Justice of the Ohio Supreme Court
- In office June 18, 1924 – December 2, 1924
- Appointed by: A. Victor Donahey
- Preceded by: R. M. Wanamaker
- Succeeded by: Reynolds R. Kinkade

Personal details
- Born: April 28, 1867 Van Wert, Ohio
- Died: June 4, 1939 (aged 72) Van Wert, Ohio
- Party: Democratic
- Spouse: Minnie Irene Balyeat
- Children: Two
- Education: United States Military Academy

= Harry L. Conn =

American judge

Harry Luther Conn (April 28, 1867 – June 4, 1939) was a jurist in the U.S. State of Ohio. He was appointed to the Ohio Supreme Court in 1924 with no prior experience as a judge.

==Biography==
Harry L. Conn was born in Van Wert, Ohio on April 28, 1867, the son of Perry C. and Sophronia Saltzgaber Conn. He entered the United States Military Academy in 1886. He was forced to resign his commission after two years due to ill health.

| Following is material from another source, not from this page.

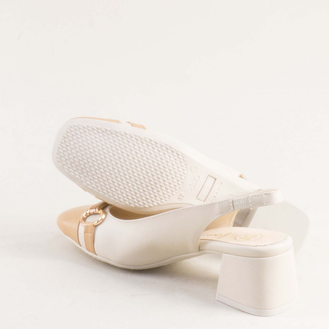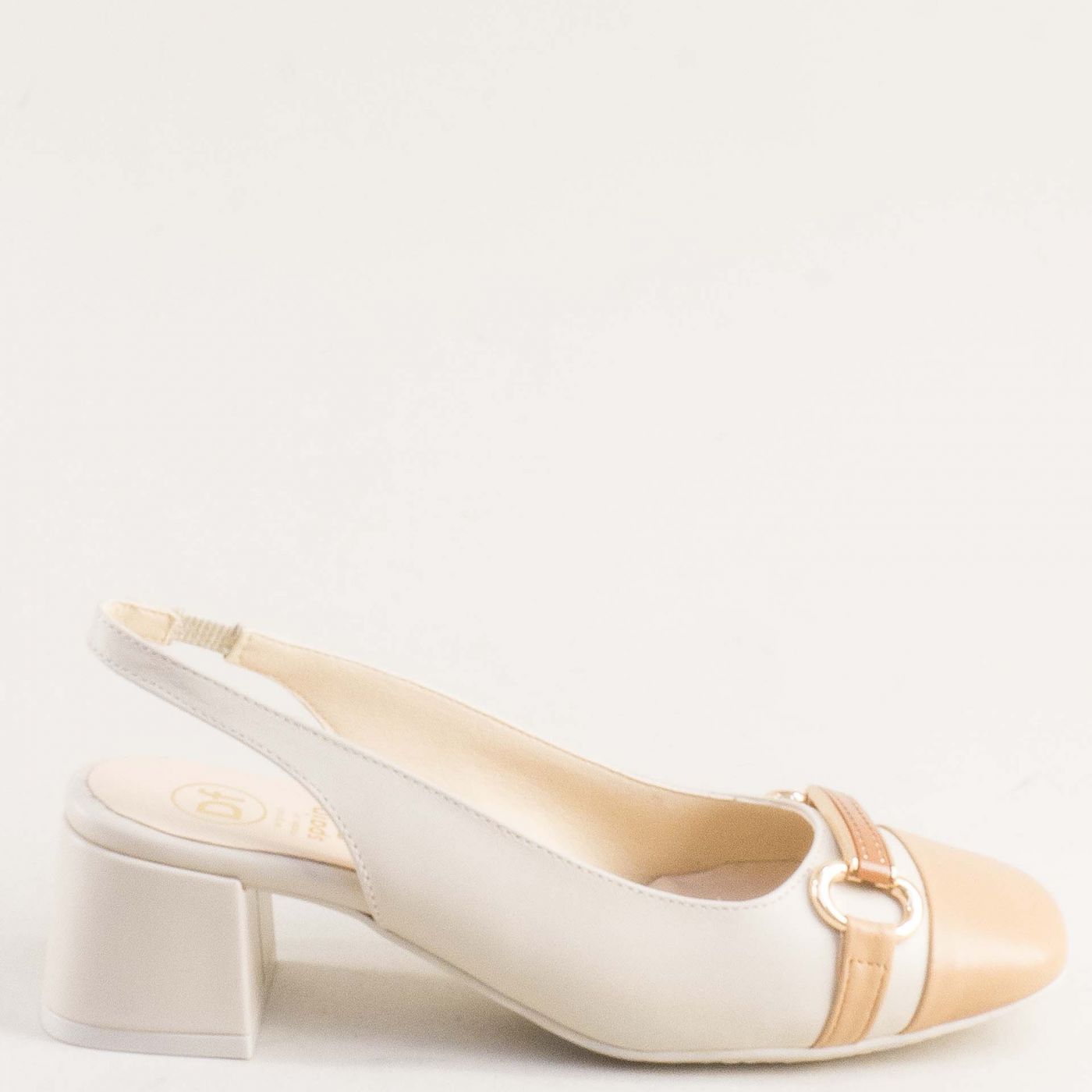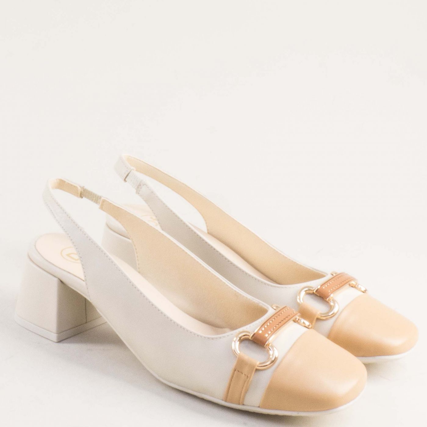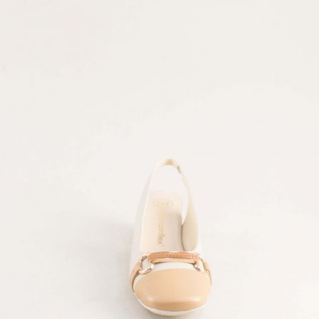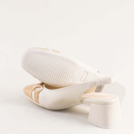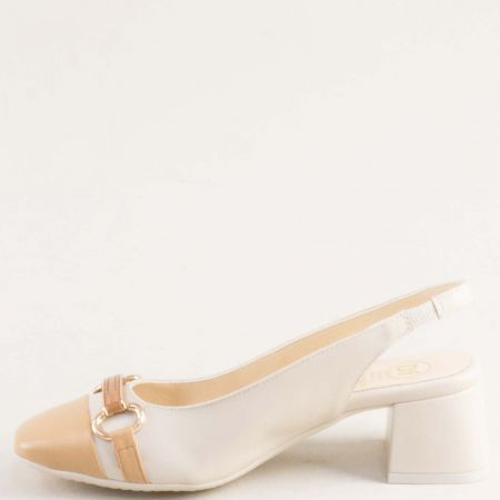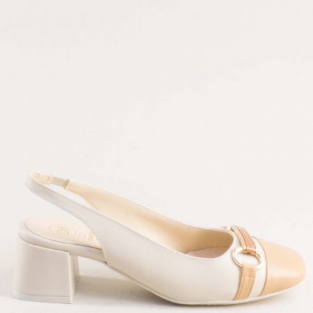 стилни дамски сандали в бежов цвят от естествена кожа на среден ток 28127bj

After resigning from the academy, Conn moved to Indianapolis, Indiana to take business classes. He was appointed court stenographer for the Ohio Courts of Common Pleas in five counties in Northwest Ohio. Conn passed the Ohio bar examination in 1894, and opened a private practice in Van Wert, while continuing as court stenographer in Van Wert County. Conn was elected as Van Wert county prosecutor in 1903, was re-elected in 1905, and lost re-election in 1907.

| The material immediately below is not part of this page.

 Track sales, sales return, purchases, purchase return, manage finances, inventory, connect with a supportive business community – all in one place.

Conn was appointed Ohio Commissioner of Insurance and Director of the Ohio Department of Insurance in January 1923 by newly elected Democratic Governor A. Victor Donahey. He had served for eighteen months when Ohio Supreme Court Judge R. M. Wanamaker committed suicide on June 18, 1924. Governor Donahey appointed Conn to the vacant seat. He served until he lost election for the remainder of the term in November 1924 to Republican Reynolds R. Kinkade. He resigned December 2, 1924.

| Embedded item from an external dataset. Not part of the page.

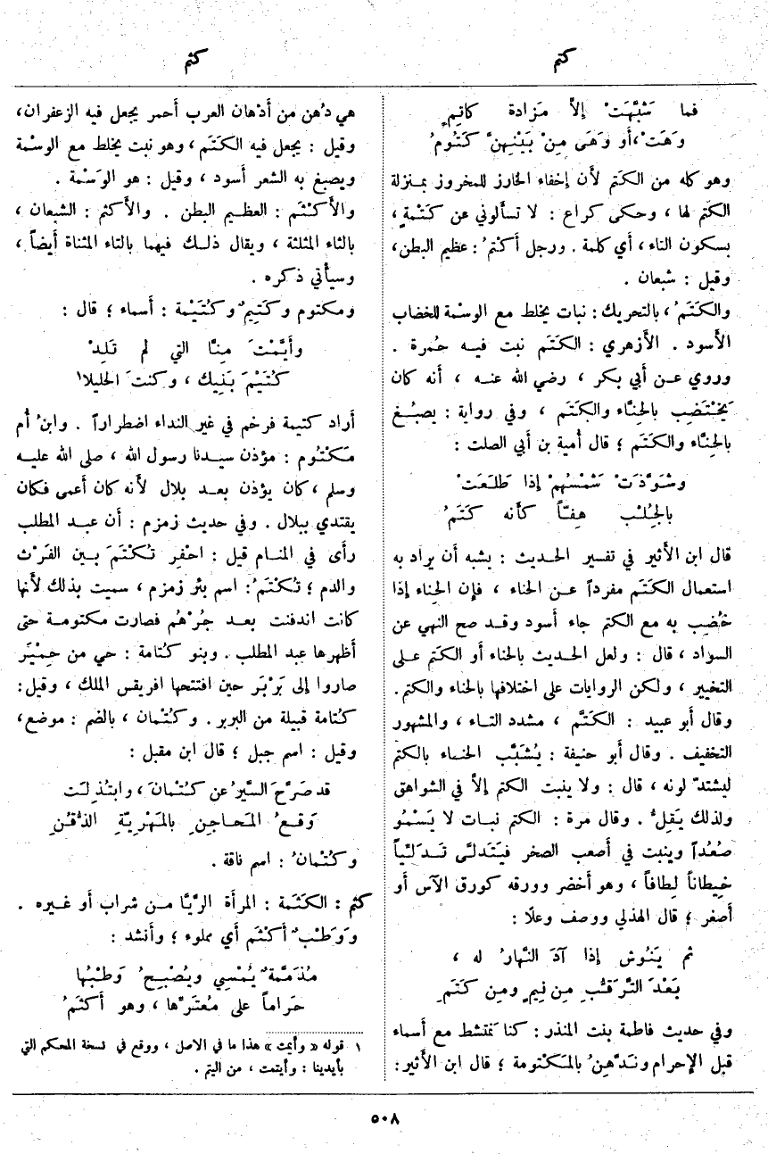 ؛ قَالَ ابْنُ الأَثير: هِيَ دُهن مِنْ أَدْهان الْعَرَبِ أَحمر يُجْعَلُ فِيهِ الزَّعْفَرَانُ، وَقِيلَ: يُجْعَلُ فِيهِ الكَتَم، وَهُوَ نَبْتٌ يُخْلَطُ مَعَ الوسْمة وَيُصْبَغُ بِهِ الشَّعْرُ أَسود، وَقِيلَ: هُوَ الوَسْمة. والأَكْثَم: الْعَظِيمُ الْبَطْنِ. والأَكثم: الشَّبْعَانُ، بِالثَّاءِ الْمُثَلَّثَةِ، وَيُقَالُ ذَلِكَ فِيهِمَا بِالتَّاءِ الْمُثَنَّاةِ أَيضاً وسيأْتي ذِكْرُهُ. ومَكْتُوم وكَتِيمٌ وكُتَيْمَة: أَسماء؛ قَالَ:

Conn resumed being Director of the Ohio Department of Insurance in 1925, and then returned to his private practice in Van Wert. He was chairman of the board of directors of the First National Bank of Van Wert, and was a member of the Van Wert Elks Lodge and the First Presbyterian Church.

Harry L. Conn married Irene Balyeat in 1898. They raised two children.

Harry L. Conn died from injuries in a fall down the stairs from the second floor Elks Lodge meeting rooms in Van Wert to the sidewalk on June 14, 1939.